**YOUR TASK**
Beginning with the line containing "Az újonnan beépített", write out each line exactly through the end of the listing, and skip all pictures.
--- MATERIAL SHOWN ---
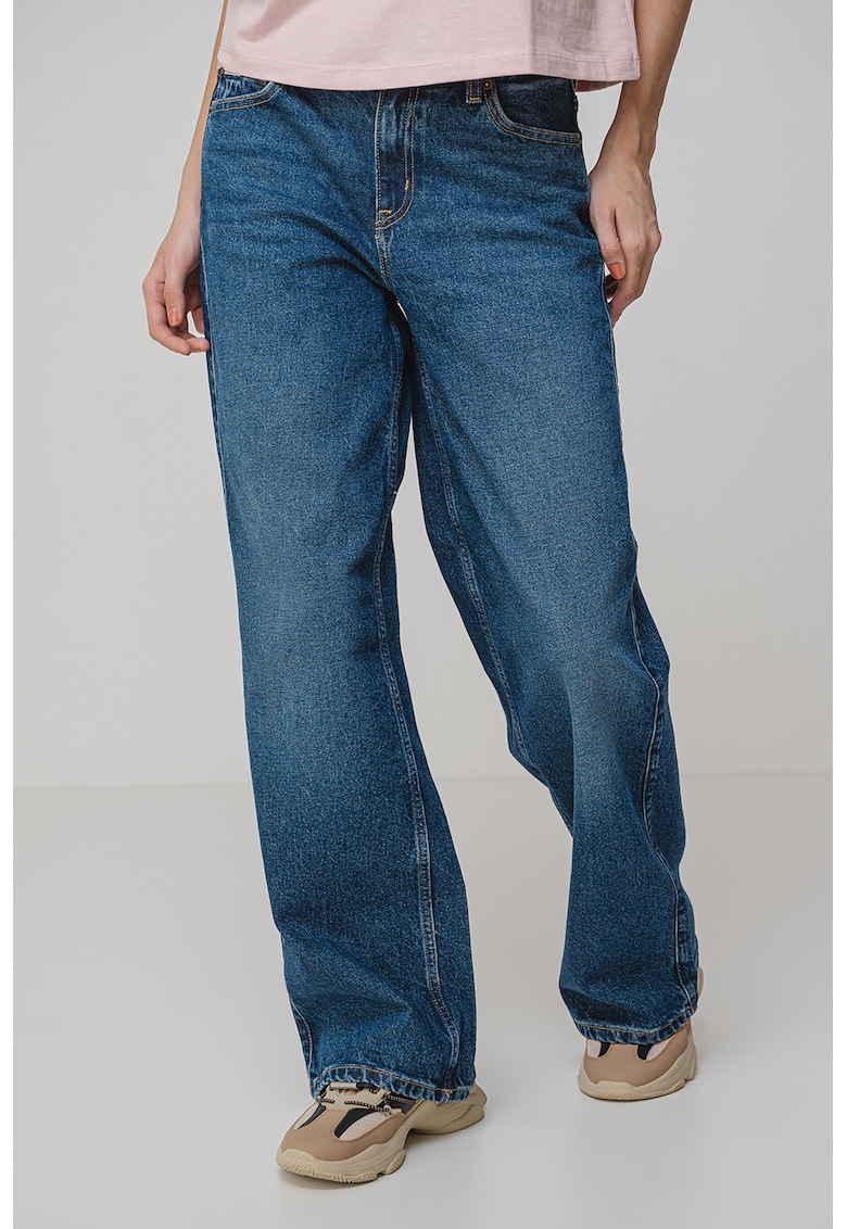 Характеристики Цвят: тъмносин Принт: без принт Кройка: широк крачол Материал: дънков плат Талия: средновисока Дължина: дълъг Джобове: 5 Закопчаване: цип Състав Външна част: 99% памук – 1% еластан Информация за модел Моделът е облечен с размер W27-L32. Размер на модела: 175 cm …
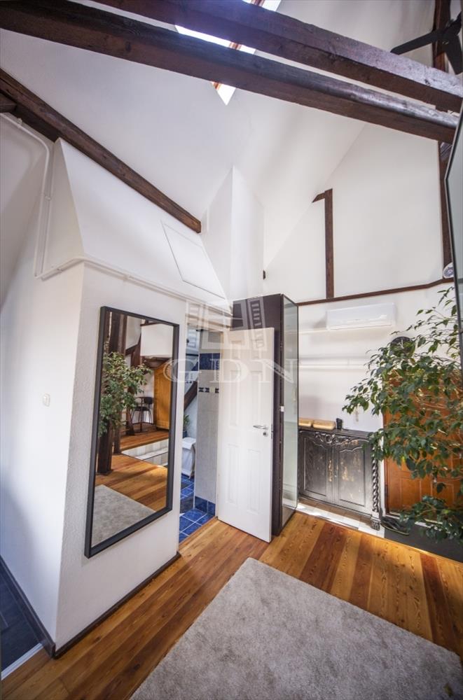 Az újonnan beépített klímával felszerelt lakás belső átriumos kialakítása, valamint a terek elrendezése egyértelműen a klasszikus művész lakás hangulatát árasztja.
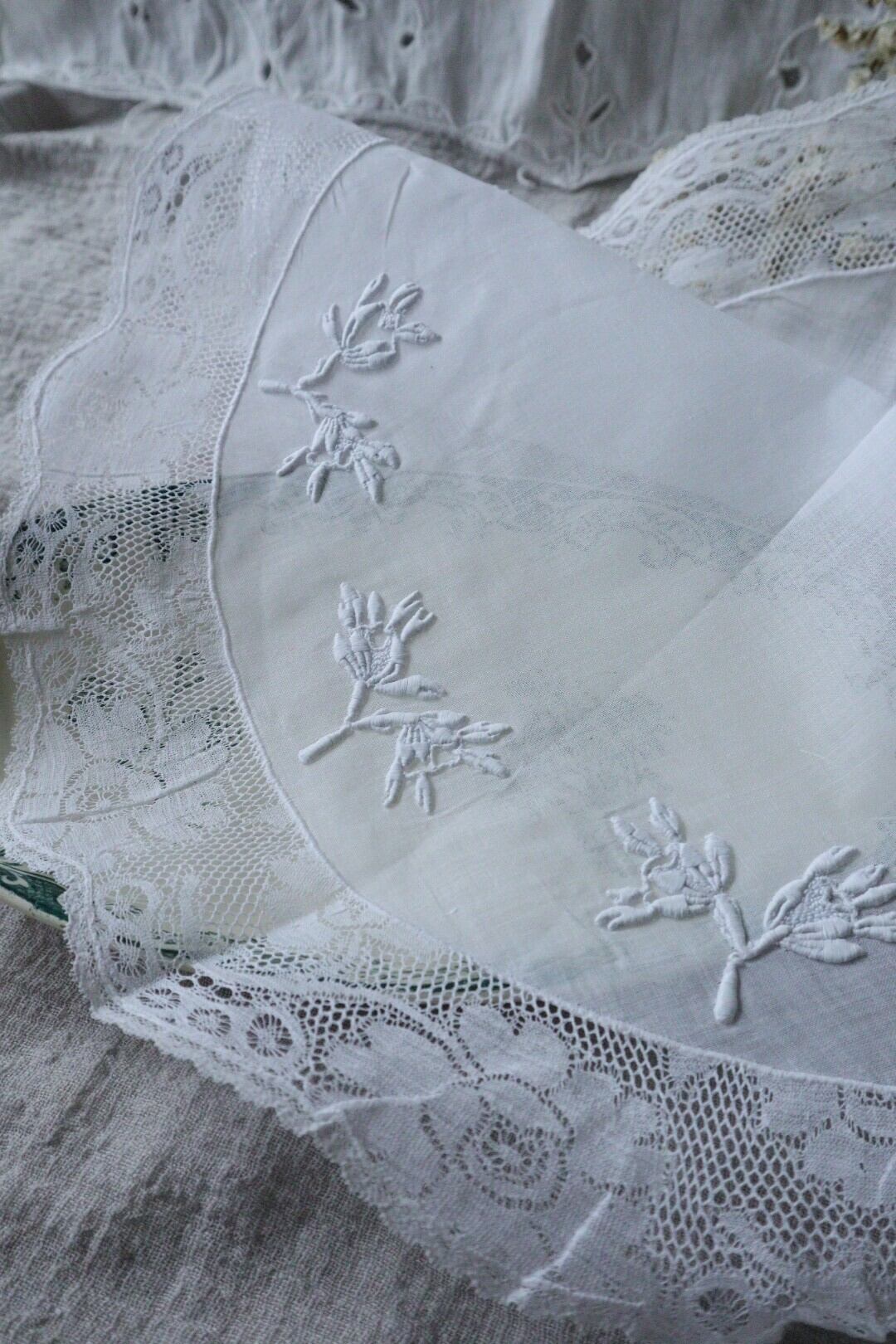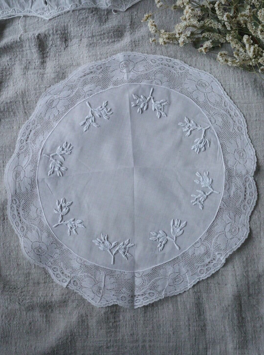 France製 40㎝ アンティーク刺繍ドイリー B634 ホワイト
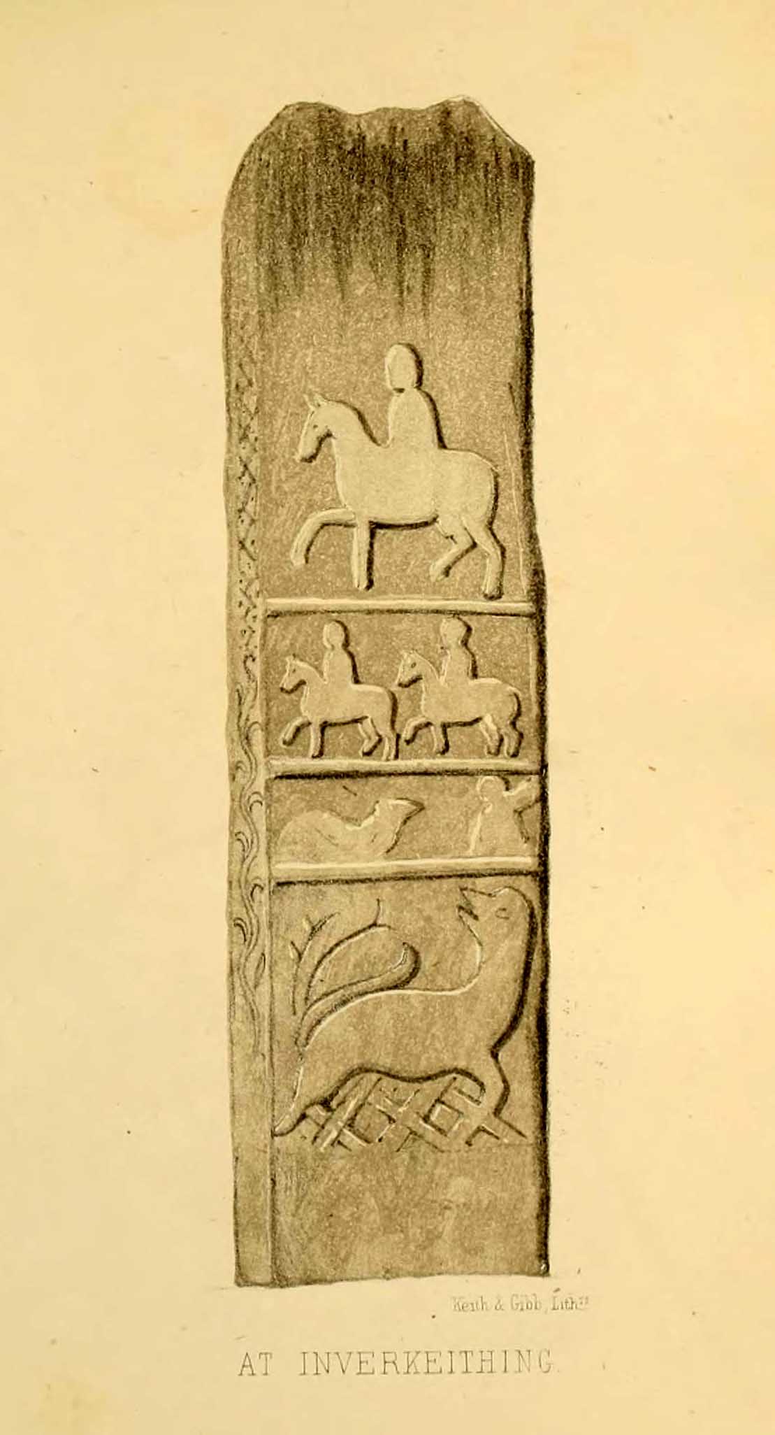 “It has been supposed by some that “St. Margaret’s Stone,” a block now lying on the side of the highway leading from Inverkeithing to Dunfermline, and about midway between these places, can be identified with the standing stone referred to in the Statistical Account. Mr Skene has noted below a sketch of St. Margaret’s Stone:- “The sculpture upon this stone has been lately chipped off in mere wantonness, so as to leave few traces of the subject recorded upon it.” He farther states that it formerly stood erect, and was called “The Standing Stone.” According to Mr. Skene’s measurement, St. Margaret’s stone is about nine feet and a half in length, one foot in thickness, and four feet broad at the widest end, and broken off to a narrow point at the other.”
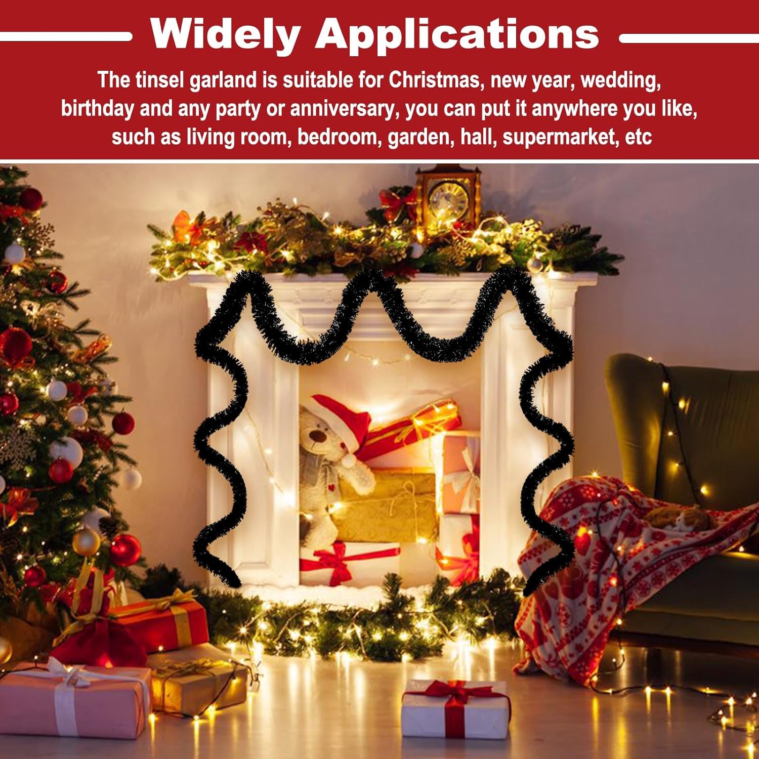 - Wide Application: Suitable for all kinds of special days, such as christmas, new year, valentine's day, halloween, festivals, wedding, engagement, bridal baby shower, graduation celebrations. The tinsel garland are perfect decorations for party, home decorations, parade float, garden, christmas tree, christmas wreath, wall, ceiling, door, hedge, stair rail, doorway, window, pole, table and so on
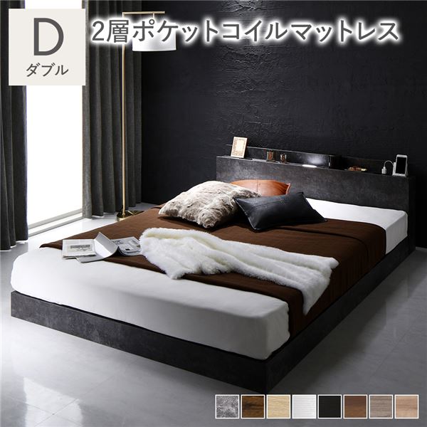 ダブルベッド グレー 灰色 ベッド 2層ポケットコイルマットレス付 ストーングレー 灰色 宮付 すのこベッド
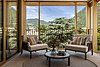 Hohe Panoramafenster schaffen lichtdurchflutete Räume und bieten einzigartige Ausblicke auf die Dächer der Stadt, den umgebenden Park und die Berge.
---
**SOLUTION FOR THIS EXERCISE**
 Az újonnan beépített klímával felszerelt lakás belső átriumos kialakítása, valamint a terek elrendezése egyértelműen a klasszikus művész lakás hangulatát árasztja.
 France製 40㎝ アンティーク刺繍ドイリー B634 ホワイト
 “It has been supposed by some that “St. Margaret’s Stone,” a block now lying on the side of the highway leading from Inverkeithing to Dunfermline, and about midway between these places, can be identified with the standing stone referred to in the Statistical Account. Mr Skene has noted below a sketch of St. Margaret’s Stone:- “The sculpture upon this stone has been lately chipped off in mere wantonness, so as to leave few traces of the subject recorded upon it.” He farther states that it formerly stood erect, and was called “The Standing Stone.” According to Mr. Skene’s measurement, St. Margaret’s stone is about nine feet and a half in length, one foot in thickness, and four feet broad at the widest end, and broken off to a narrow point at the other.”
 - Wide Application: Suitable for all kinds of special days, such as christmas, new year, valentine's day, halloween, festivals, wedding, engagement, bridal baby shower, graduation celebrations. The tinsel garland are perfect decorations for party, home decorations, parade float, garden, christmas tree, christmas wreath, wall, ceiling, door, hedge, stair rail, doorway, window, pole, table and so on
 ダブルベッド グレー 灰色 ベッド 2層ポケットコイルマットレス付 ストーングレー 灰色 宮付 すのこベッド
 Hohe Panoramafenster schaffen lichtdurchflutete Räume und bieten einzigartige Ausblicke auf die Dächer der Stadt, den umgebenden Park und die Berge.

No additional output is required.